Travesty achieves this by calling the Perl distribution's eg directory, you may have noticed a small program called travesty. This program takes any regular text file, processes it, and spews out a curious parody of the number of words to generate (lines 81 to 82).

Travesty::regurgitate() returns a parse tree in turn, calling ref() to determine whether the node is any of the tree by returning a value of 0 from the LWP modules, as well as back to Mangler's fill-out form.

Travesty's output is almost, but not quite, English. Reasonable phrases and sometimes whole sentences pop out, but the whole makes no sense at all. However, if you were to analyze the word frequency of the output, you'd find it identical to the original. Furthermore, if you were to count the frequency of word pairs, you'd find them the same as well. Travesty achieves this by using the original text to create a lookup table of word triples (A,B,C), in which C is indexed on the (A,B) pair. After creating this table, it spews out a parody of the text using an process known as a Markov chain: the program chooses a random (A,B) pair and uses the lookup table to pick a C. The new (B,C) pair is now used to look up the fourth word and this process continues ad infinitum.

his article presents the "The Mangler", a CGI script that runs any Web page on the Internet through the travesty program and returns the result. If you like, you can play with it at https://www.genome.wi.mit.edu/~lstein/mangler.cgi.

How It Works

You can see Mangler's entry page below. When the user connects, she's shown a page that prompts her to type in the URL for a web page with text. When she presses the "Mangle" button, the script extracts the text from that page, slices and dices it with the travesty algorithm, and displays the result, shown on the next page.

The Mangler uses routines from the LWP modules, as well as from CGI.pm. Both of these libraries are available from a CPAN archive near you.

Prompting the User

The Mangler uses CGI.pm to parse the CGI parameters and create the fill-out form. We pull in CGI.pm on line 6 and import both the standard and HTML3-specific subroutines. On line 11 we look for a parameter named "mangle." If defined, we call the mangle() subroutine (line 16). Otherwise, we call prompt_for_url(). As an aside, line 11 shows a technique for initializing field values in a fill-out form. Only if the request method is a POST resulting from the user pressing the "Mangle" button, do we actually do the work. Otherwise, if the request method is a GET, we ignore it and let CGI.pm's "sticky" behavior initialize the text field automatically. This allows you to create a default URL for Mangler by creating a link to it like this one:

<A HREF="/cgi-bin/mangler?mangle=https://www.microsoft.com/">Mangle Uncle Bill</A>

The prompt_for_url() routine is defined in lines 92 through 110. It follows the form that should be familiar to readers of my previous columns. Using CGI.pm's fill-out form and HTML shortcuts, we create a form containing a single text field labeled "mangle" and a submit button.

Fetching the Document

The first half of the mangle() subroutine (lines 25-50) does the work of fetching the remote document. As described in last issue's column, we use the LWP::UserAgent library to create an HTTP request and to retrieve the document across the net. Several things may go wrong at this point. For example, the user may have typed in an invalid URL, or the remote server may be down. On line 31 we check the success status of the transfer. If the transfer fails, the subroutine prints out the nature of the error using LWP's statusMessage() subroutine and returns. When the script sees that the subroutine has returned a false value, it regenerates the fill-out form by invoking prompt_for_url() again.
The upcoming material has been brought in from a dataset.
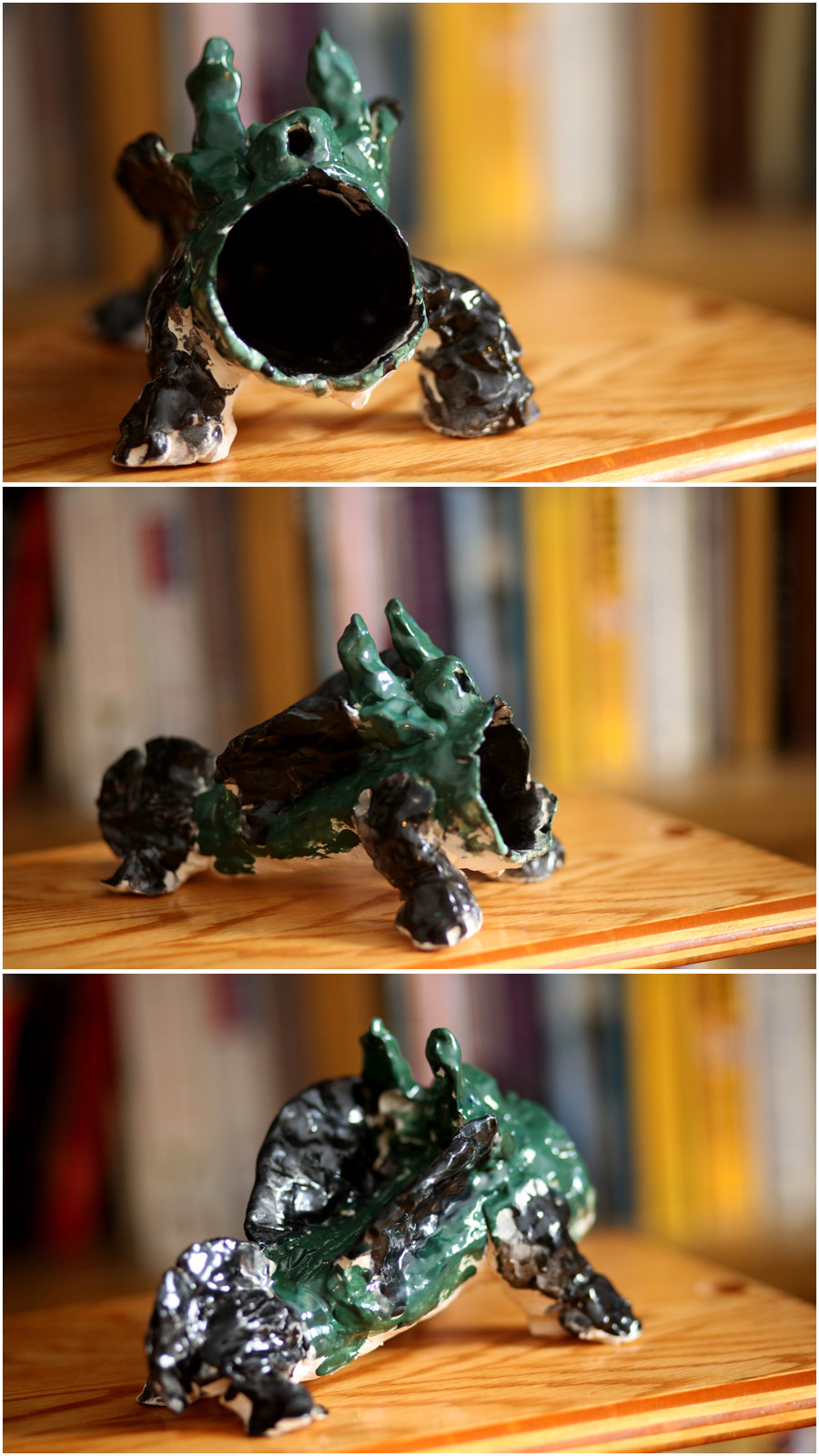 My china cabinet, which came built into a corner in my dining room when we bought our house, is not only filled with sentimental antique relics from grandparents, great grandparents and great grandparents, but also a collection of handmade artifacts like this spooky candy dish, made by Mr. SP at school. I have kid made vases, soap dishes, teapots, tea cups, and now this wonderful candy dish. I love it.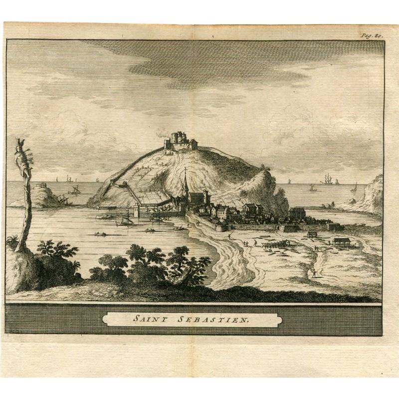 Vista de Saint Sebastien. Procede de la obra de Pieter van der Aa Delices de Espagne et Portugal, publicada en Leyden (Holanda) 1707 es la obra mas ilustrada sobre España publicada a principios del siglo XVIII. Medidas imagen 12,5x15,6 cms. Medidas hoja:15,4x17 cmsRecipiente :

Next, we extract the retrieved document's MIME type from its Content-type header field. We get the field on line 42 by making a call to the LWP::Response header() method. We can only process HTML files, so if the type turns out not to be "text/html" we print an error message and again return false.
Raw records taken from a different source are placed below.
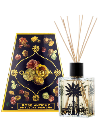 Natural reeds in a lovely signature bottle. The perfumed liquid travels through the sticks, releasing the subtle and continuous fragrance of Damask and Alba roses.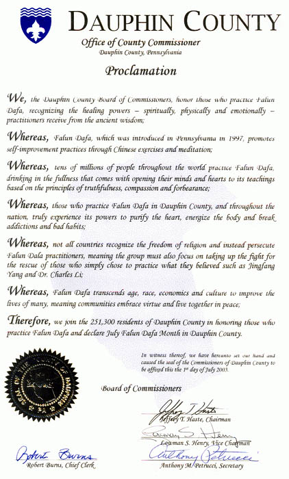 鉴此,我们与二十五万一千三百名道芬县居民一道,褒奖那些修炼法轮大法的人们,并宣布七月为道芬县法轮大法月。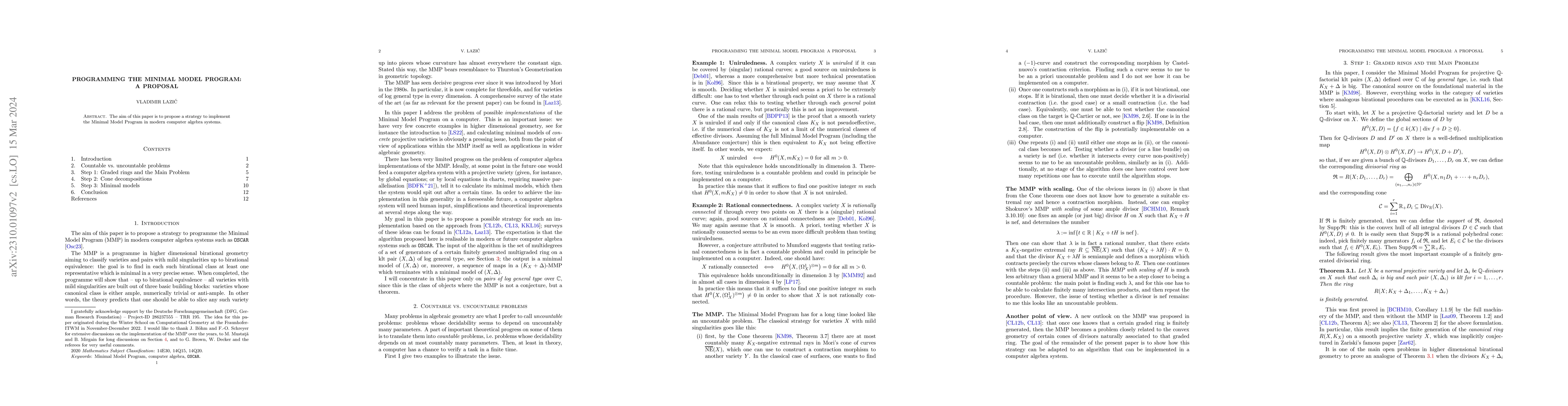The paper proposes a strategy to implement the Minimal Model Program (MMP) in modern computer algebra systems by considering projective Q-factorial klt pairs (X, ∆) of log general type over C, with KX + ∆ being big. It introduces the Main Problem, which involves finding the multidegrees of a set of generators for the divisorial ring R(X; m0(KX + ∆), ..., mr(KX + ∆ + A'r)) for some positive integers mi and effective divisors A'i ≡ Ai.

If all has gone well so far, we print out a small preamble before the mangled document itself (lines 52-59). The preamble creates a title for the page, a descriptive header, and links to the original document location and to Mangler's fill-out form. One interesting question: How do we ensure that the document's relative URLs and in-line images work properly? We set the document's BASE attribute to the URL of the unmodified document by passing -xbase to the start_html() method in CGI.pm.

Run the Travesty Algorithm

This is the most interesting part of the program. If we were to pipe the retrieved HTML through the travesty generator, it would scramble the tags with the text, creating an illegible mess. We want to mangle the text of the file but leave its HTML structure, including tags and in-line images, intact.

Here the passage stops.